Both the Data Cleanser and the Data Profiler are designed to read data from a staging database created by extracting data from your source database using Data Integrator. You can also extract your data to a flat file using the extractor of your choice. If you use Data Integrator to extract the data to be analyzed and cleansed, the extracted data is written to an Axion flat-file database in the required format for the Data Profiler and Data Cleanser.
If you use a data extractor other than Data Integrator, the data needs to be placed in a flat file a format the Data Profiler and Data Cleanser can read. If your data is in a different format, you can define a custom data reader to read the flat file into the Data Profiler and Data Cleanser. The analysis tools can read a flat file in the following format without any additional configuration:
GID|SystemCode|LocalID|UpdateDate|UserID|ObjectFields |
where:
GID is a global ID computed by the data analysis. This field can be empty in the flat file.
SystemCode is the processing code for the system from which the record originated.
LocalID is the object's local ID in the given system.
UpdateDate is the most recent update date for the record. This field can be empty.
UserID is the logon ID of the user who last updated the record. This field can be empty.
ObjectFields includes the objects and fields that are defined in object.xml. Be sure to include every field defined in the object structure in the order they are defined (include standardized, phonetic, and parsed fields). Child object types are delimited by a pound sign (#) and multiple child objects of one type are delimited by a dollar sign ($).
Below is an example of a valid input record based on the standard master index Person template, which includes alias, address, and phone objects. Note the empty fields after the first and last names for the phonetic and standardized data that will be inserted by the Data Cleanser. There are also empty fields after the street address for the parsed street address components that will also be inserted by the Data Cleanser.

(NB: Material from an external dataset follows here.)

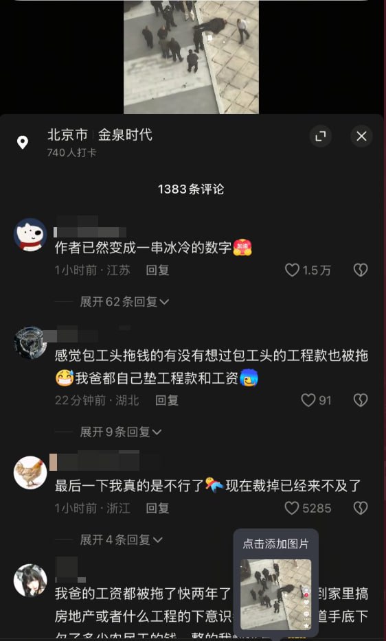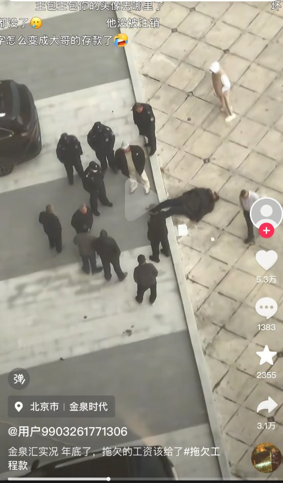 近日,北京市朝阳区金泉汇附近,一名网友拍到 一名工友在年底讨薪未果后选择跳楼轻生。目前视频已经被平台删除。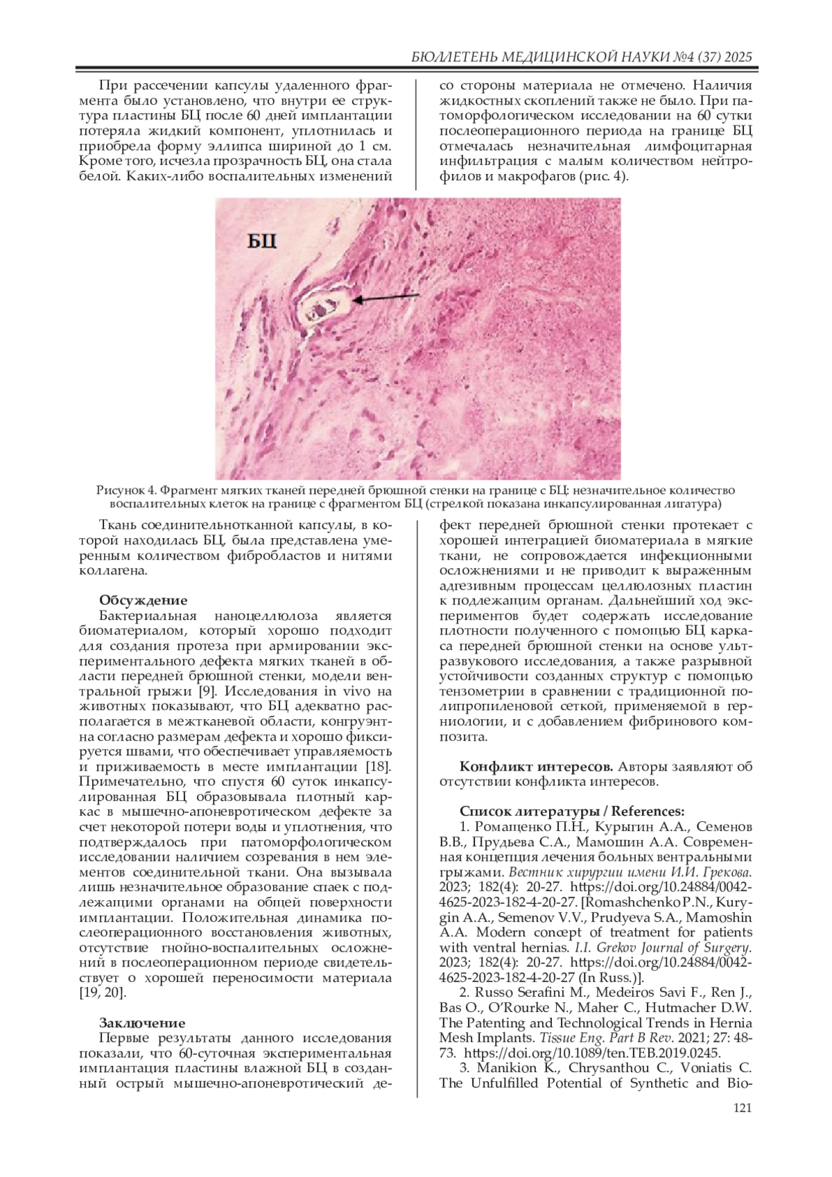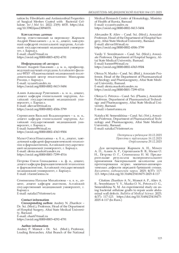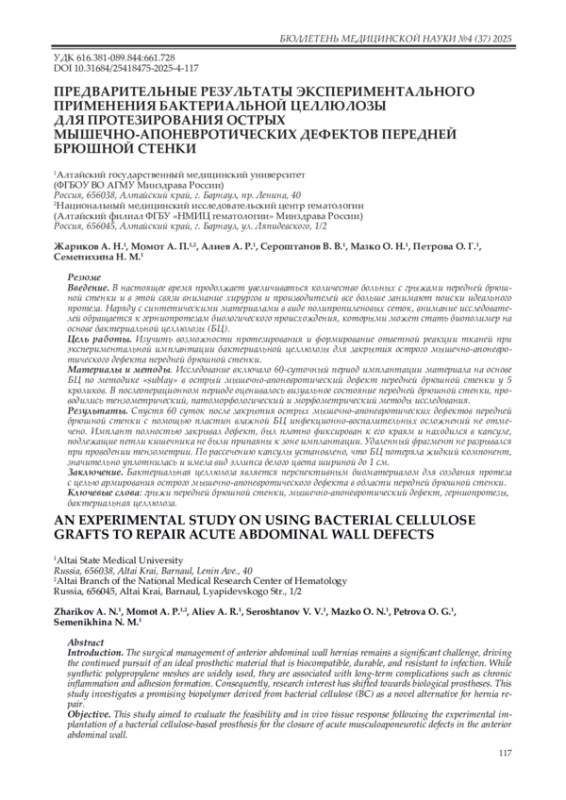 13. Zharikov A.N., Lubyansky V.G., Gladysheva E.K., Skiba E.A., Budaeva V.V., Semyonova E.N., Zharikov A.A., Sakovich G.V. Early morphological changes in tissues when replacing abdominal wall defects by bacterial nanocellulose in experimental trials. J Mater Sci Mater Med. 2018; 29(7): 95. DOI: 10.1007/s10856-018-6111-z

28|ORACLE|00160419|11/14/1999 08:41:10|GSMYTHE|P|ELIZABETH|||ANN|WARREN||||MRS |554-44-55555|08/18/1977|Y|F|M|W|13|BAP|ENG|STEVE|ANN|MARCH|GEORGE|CAHILL|SHEFFIELD |CT|USA|E|Y||C4411444|CA|07/21/2018||ENG|USA#$BETH||CAHILL$LIZ|ANN|CAHILL#$H|1519 BOARDWALK||||||Unit 5|SHEFFIELD|CT|09876|1075|CAPE BURR|USA$W|12500 EAST RIVER ST. ||||||Suite 1310|CAPE BURR|CT|09877||CAPE BURR|USA#$CH|9895557848|$CB|9895551500|19 |